** Opening RECORDS SHOWN block **
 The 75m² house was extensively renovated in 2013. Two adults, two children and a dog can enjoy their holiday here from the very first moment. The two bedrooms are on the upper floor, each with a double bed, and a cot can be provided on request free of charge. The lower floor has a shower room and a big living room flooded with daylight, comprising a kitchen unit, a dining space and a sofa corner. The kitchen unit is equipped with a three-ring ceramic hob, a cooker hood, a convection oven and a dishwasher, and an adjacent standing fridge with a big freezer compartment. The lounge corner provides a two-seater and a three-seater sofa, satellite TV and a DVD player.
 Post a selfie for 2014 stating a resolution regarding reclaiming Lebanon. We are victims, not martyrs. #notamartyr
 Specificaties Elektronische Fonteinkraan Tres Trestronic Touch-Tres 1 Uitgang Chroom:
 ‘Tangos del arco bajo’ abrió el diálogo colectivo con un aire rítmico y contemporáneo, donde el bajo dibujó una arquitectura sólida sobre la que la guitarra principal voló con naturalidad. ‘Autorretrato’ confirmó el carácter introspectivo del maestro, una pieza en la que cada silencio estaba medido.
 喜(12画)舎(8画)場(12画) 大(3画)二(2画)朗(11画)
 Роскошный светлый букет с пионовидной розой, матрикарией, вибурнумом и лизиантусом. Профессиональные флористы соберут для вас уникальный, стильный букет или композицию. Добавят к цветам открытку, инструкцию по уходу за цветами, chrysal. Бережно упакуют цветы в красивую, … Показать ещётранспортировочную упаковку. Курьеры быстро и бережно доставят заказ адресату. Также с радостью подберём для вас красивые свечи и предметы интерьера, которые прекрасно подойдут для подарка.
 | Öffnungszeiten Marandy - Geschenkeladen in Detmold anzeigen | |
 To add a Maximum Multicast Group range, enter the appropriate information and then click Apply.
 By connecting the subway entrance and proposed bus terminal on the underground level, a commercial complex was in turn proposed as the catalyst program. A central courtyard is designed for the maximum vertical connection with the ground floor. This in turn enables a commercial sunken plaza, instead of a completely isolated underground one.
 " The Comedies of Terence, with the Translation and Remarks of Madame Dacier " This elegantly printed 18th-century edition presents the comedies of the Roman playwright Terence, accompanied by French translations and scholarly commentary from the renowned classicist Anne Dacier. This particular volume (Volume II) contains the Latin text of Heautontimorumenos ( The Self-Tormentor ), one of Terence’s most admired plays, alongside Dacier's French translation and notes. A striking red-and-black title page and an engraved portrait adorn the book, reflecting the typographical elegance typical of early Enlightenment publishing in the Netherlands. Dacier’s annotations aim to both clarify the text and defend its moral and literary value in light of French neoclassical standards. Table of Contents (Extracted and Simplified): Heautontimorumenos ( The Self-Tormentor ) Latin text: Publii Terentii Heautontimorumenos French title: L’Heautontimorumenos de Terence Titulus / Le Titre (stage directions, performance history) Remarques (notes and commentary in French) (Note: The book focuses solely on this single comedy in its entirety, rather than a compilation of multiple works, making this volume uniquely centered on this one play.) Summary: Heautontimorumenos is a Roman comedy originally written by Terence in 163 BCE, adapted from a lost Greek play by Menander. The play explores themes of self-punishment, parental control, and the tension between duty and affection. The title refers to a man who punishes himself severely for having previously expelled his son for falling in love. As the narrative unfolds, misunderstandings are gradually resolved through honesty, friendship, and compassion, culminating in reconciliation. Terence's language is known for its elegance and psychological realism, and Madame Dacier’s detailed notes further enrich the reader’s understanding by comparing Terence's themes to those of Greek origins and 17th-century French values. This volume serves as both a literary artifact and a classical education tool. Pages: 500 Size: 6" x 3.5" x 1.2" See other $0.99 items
** Closing RECORDS SHOWN block **
* WORK ORDER *
Please output exactly the lines between the one holding "Роскошный светлый букет" and the one holding "By connecting the" in the records above, inclusive, and nothing more.

* YOUR SOLUTION *
 Роскошный светлый букет с пионовидной розой, матрикарией, вибурнумом и лизиантусом. Профессиональные флористы соберут для вас уникальный, стильный букет или композицию. Добавят к цветам открытку, инструкцию по уходу за цветами, chrysal. Бережно упакуют цветы в красивую, … Показать ещётранспортировочную упаковку. Курьеры быстро и бережно доставят заказ адресату. Также с радостью подберём для вас красивые свечи и предметы интерьера, которые прекрасно подойдут для подарка.
 | Öffnungszeiten Marandy - Geschenkeladen in Detmold anzeigen | |
 To add a Maximum Multicast Group range, enter the appropriate information and then click Apply.
 By connecting the subway entrance and proposed bus terminal on the underground level, a commercial complex was in turn proposed as the catalyst program. A central courtyard is designed for the maximum vertical connection with the ground floor. This in turn enables a commercial sunken plaza, instead of a completely isolated underground one.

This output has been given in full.